Global configuration directives

Explanation

user

The user and group under which the worker processes run is configured using this parameter. If the group is omitted, a group name equal to that of the user is used.

worker_processes

This directive shows the number of worker processes that will be started. These processes will handle all the connections made by the clients. Choosing the right number depends on the server environment, the disk subsystem, and the network infrastructure. A good rule of thumb is to set this equal to the number of processor cores for CPU-bound loads and to multiply this number by 1.5 to 2 for the I/O bound loads.

error_log

This directive is where all the errors are written. If no other error_log is given in a separate context, this log file will be used for all errors, globally. A second parameter to this directive indicates the level at which (debug, info, notice, warn, error, crit, alert, and emerg) errors are written in the log. Note that the debug-level errors are only available if the –with-debug configuration switch is given at compilation time.

pid

This directive is the file where the process ID of the main process is written, overwriting the compiled-in default.

use

This directive indicates the connection processing method that should be used. This will overwrite the compiled-in default and must be contained in an events context, if used. It will not normally need to be overridden, except when the compiled-in default is found to produce errors over time.

worker_connections

This directive configures the maximum number of simultaneous connections that a worker process may have opened. This includes, but is not limited to, client connections and connections to upstream servers.

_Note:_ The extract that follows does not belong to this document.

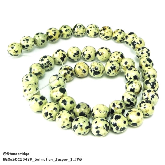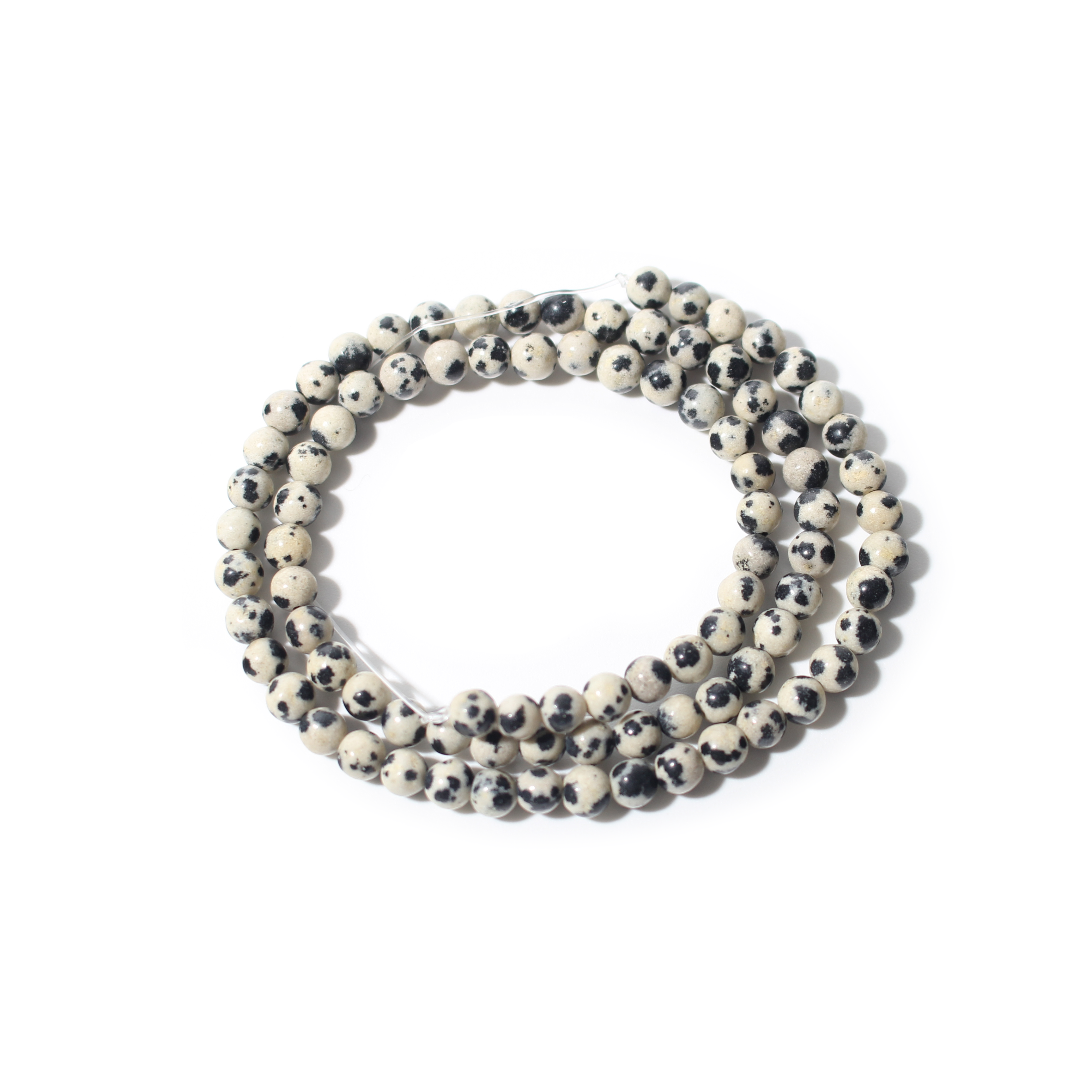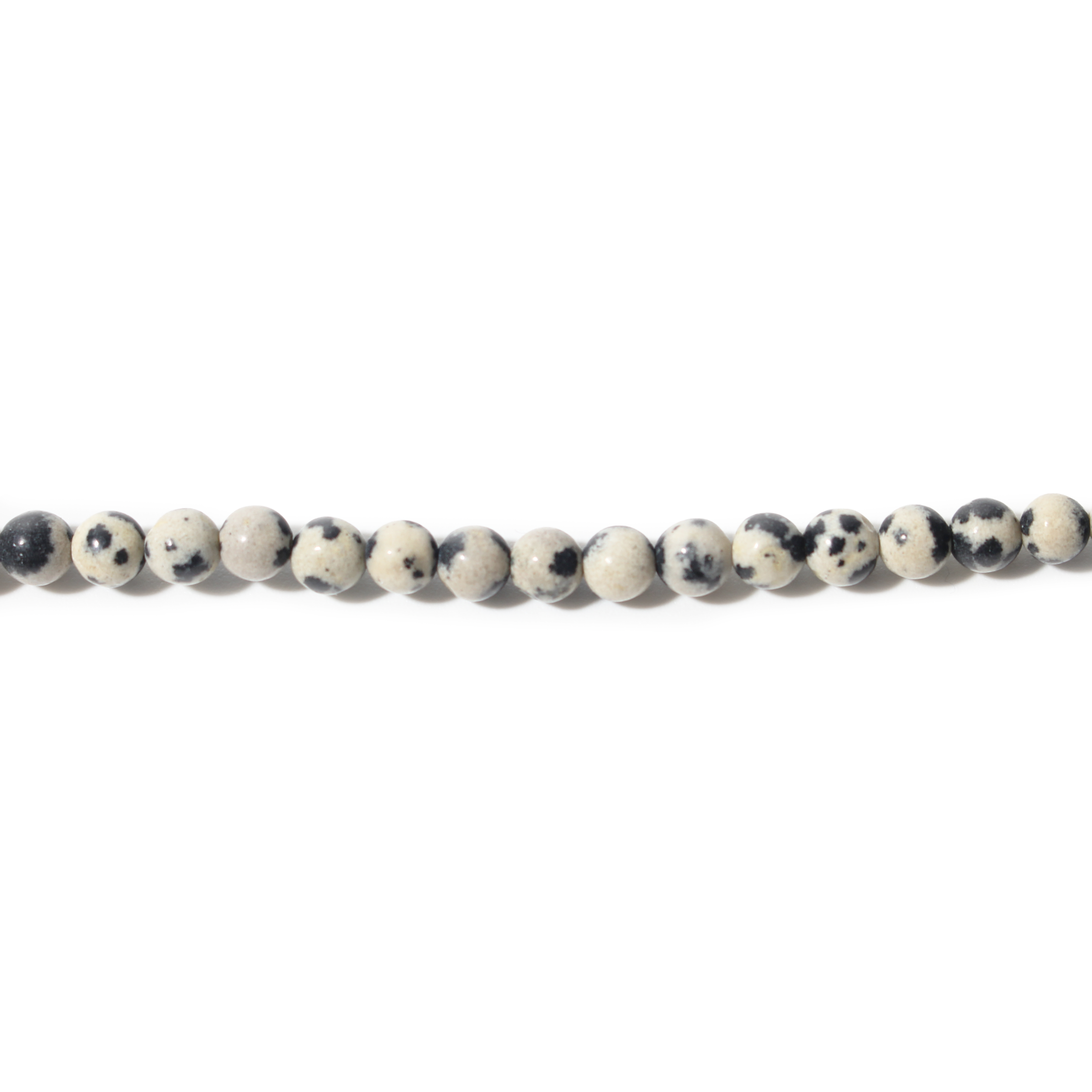 This Dalmatian Jasper Round Strand features beads in creamy beige tones with playful black and brown spots, perfect for adding a fun, earthy touch to your jewelry designs.

This is especially important on reverse proxy servers—some additional tuning may be required at the operating system level in order to reach this number of simultaneous connections.

Here is a small example using each of these directives:

# we want nginx to run as user 'www'
user www;

# the load is CPU-bound and we have 12 cores
worker_processes  12;

# explicitly specifying the path to the mandatory error log
error_log  /var/log/nginx/error.log;

# also explicitly specifying the path to the pid file
pid        /var/run/nginx.pid;

# sets up a new configuration context for the 'events' module
events {

    # we're on a Solaris-based system and have determined that 
        nginx
    # will stop responding to new requests over time with the 
        default
    # connection-processing mechanism, so we switch to the 
        second-best
    use /dev/poll;
    # the product of this number and the number of 
        worker_processes
    # indicates how many simultaneous connections per IP:port pair 
        are
    # accepted
    worker_connections  2048;

}

This section will be placed at the top of the nginx.conf configuration file.

Using the include files

The include files can be used anywhere in your configuration file, to help it be more readable and to enable you to reuse parts of your configuration. To use them, make sure that the files themselves contain the syntactically correct NGINX configuration directives and blocks; then specify a path to those files:

include /opt/local/etc/nginx/mime.types;

A wildcard may appear in the path to match multiple files:

include /opt/local/etc/nginx/vhost/*.conf;

If the full path is not given, NGINX will search relative to its main configuration file.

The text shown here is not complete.